RE: RE: Inductive proof
- To: mathgroup at smc.vnet.net
- Subject: [mg37910] RE: [mg37900] RE: [mg37897] Inductive proof
- From: "David Park" <djmp at earthlink.net>
- Date: Tue, 19 Nov 2002 03:51:25 -0500 (EST)
- Sender: owner-wri-mathgroup at wolfram.com
Whoops. I made an error in my proof in using n instead of n + 1. This
corrects it.
Print["We wish to show the following for n > 6"]
step1 = 3^n < n!
Print["It is true for n == 7"]
step1 /. n -> 7
Print["Assuming it is true for n, then for n+1..."]
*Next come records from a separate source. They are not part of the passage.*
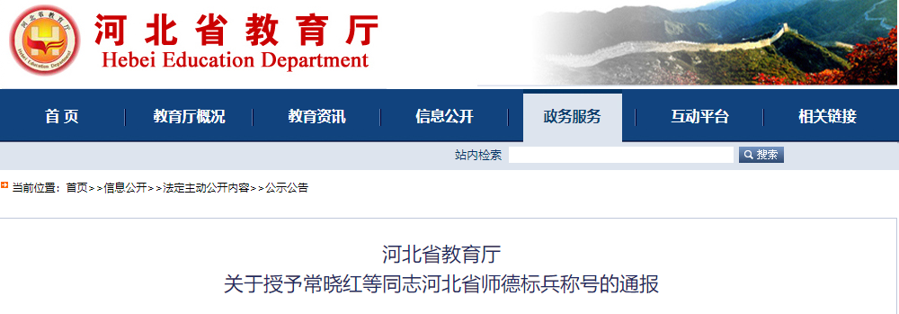 河北省教育厅最新发布关于授予常晓红等同志河北省师德标兵称号的通报。经研究决定,选树常晓红等400名同志为2022年河北省师德标兵,授予省师德标兵称号,现予以通报表扬。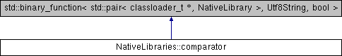 | bool | operator() (std::pair< classloader_t *, NativeLibrary > args, Utf8String filename) const |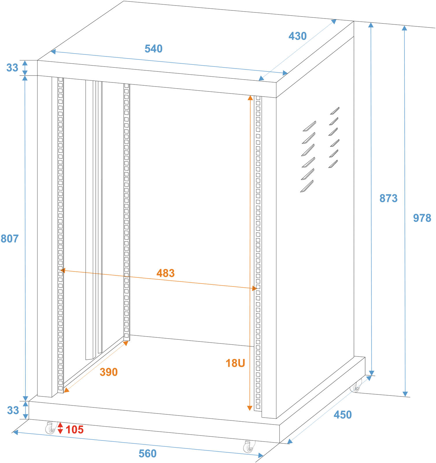- Gestanzte Rackschienen vorne und hinten
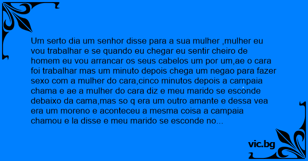 Um serto dia um senhor disse para a sua mulher ,mulher eu vou trabalhar e se quando eu chegar eu sentir cheiro de homem eu vou arrancar os seus cabelos um por um,ae o cara foi trabalhar mas um minuto depois chega um negao para fazer sеxо com a mulher do cara,cinco minutos depois a campaia chama e ae a mulher do cara diz e meu marido se esconde debaixo da cama,mas so q era um outro amante e dessa vea era um moreno e aconteceu a mesma coisa a campaia chamou e la disse e meu marido se esconde no armario mas so q era outro amante e era um branquelo e a mesma coisa e dessa vez era o marido ja dizendo,to sentindo cheiro de homem e começou a tirao oa cabelos dela um por im mas so q ficou um bem pretinho e o marido dela ficou dizendo sai negão sai desgraçado ae o negão sai dizendo eu saio mas tem um no armario e outro na cortina.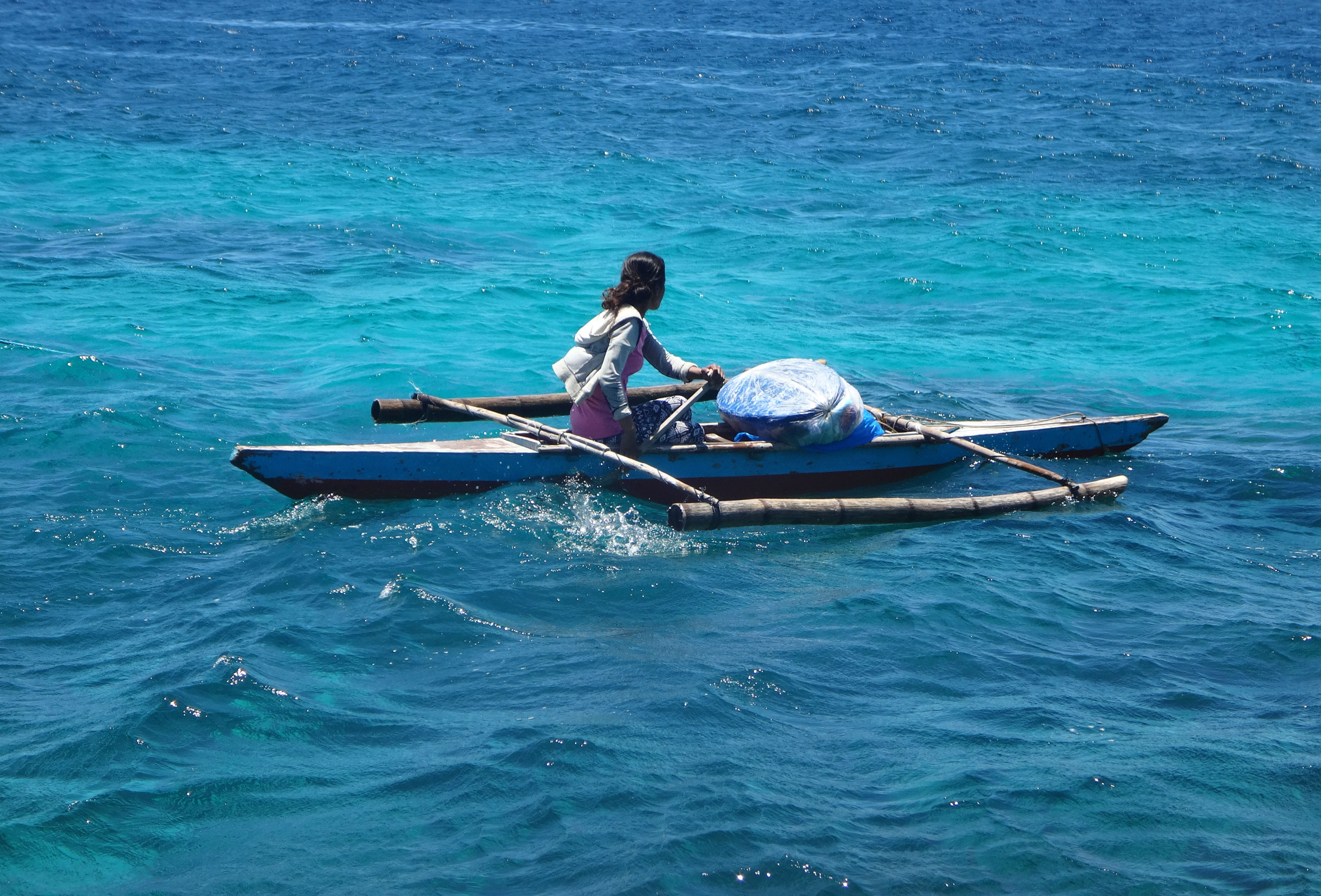 Pour aller voir les tortues nous avons pris un bateau qui s’appelle « Banca » aux Philippines, c’est un bateau à balancier.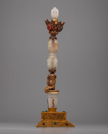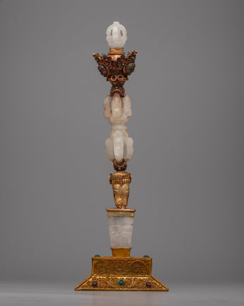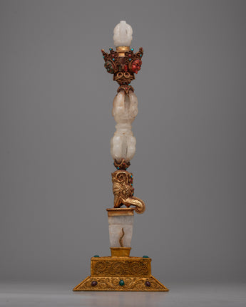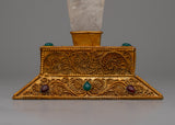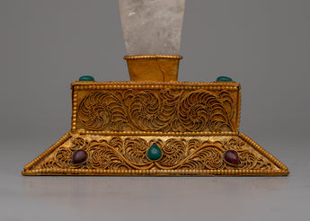An essential component of Tibetan Buddhist ceremonies, the phurba represents the defeat of evil spirits and the elimination of barriers. Its spiritual resonance is increased by the addition of several valuable stones, including Panna for wisdom, lapis lazuli for insight, crystal for clarity, ruby for passion, and turquoise for protection. The phurba's delicate details and sparkling beauty are highlighted by the electro-gold plating, which gives a bright finish, and the accompanying stand, which offers a stable and elegant foundation.

step2 = step1 /. n -> n + 1
step3 = step2 /. {3^(n + 1) -> 3*HoldForm[3^n],
(1 + n)! -> (n + 1)*HoldForm[n!]}
Print["Using 3 < n + 1 and \!\(3\^n\)< n!.."]
Simplify[step3, 3 < n + 1 && HoldForm[3^n] < HoldForm[n!] &&
HoldForm[3^n] > 0]
From: David Park [mailto:djmp at earthlink.net]
To: mathgroup at smc.vnet.net
Sam,
Using Mathematica we might do it this way. First check that it is true for
some low numbers greater than 6.
Table[{n, 3^n, n!}, {n, 6, 15}] // TableForm
It looks like it is so maybe it's worthwhile attempting a proof. Paste in
and evaluate the following for the proof.
Print["We wish to show the following for n > 6"]
step1 = 3^n < n!
Print["It is true for n == 7"]
step1 /. n -> 7
Print["Assuming it is true for n, then for n+1..."]
step2 = step1 /. n -> n + 1
step3 = step2 /. {3^(n + 1) -> 3*HoldForm[3^n],
(1 + n)! -> n*HoldForm[n!]}
Print["Using 3 < n and \!\(3\^n\)< n!.."]
Simplify[step3, 3 < n && HoldForm[3^n] < HoldForm[n!] &&
HoldForm[3^n] > 0]
David Park
djmp at earthlink.net
http://home.earthlink.net/~djmp/
From: Sam [mailto:skapoor2 at hotmail.com]
To: mathgroup at smc.vnet.net
Hi:
Can anyone help me solve this by induction
3 to the power n < n!, when n is > 6
Thanks:
-Sam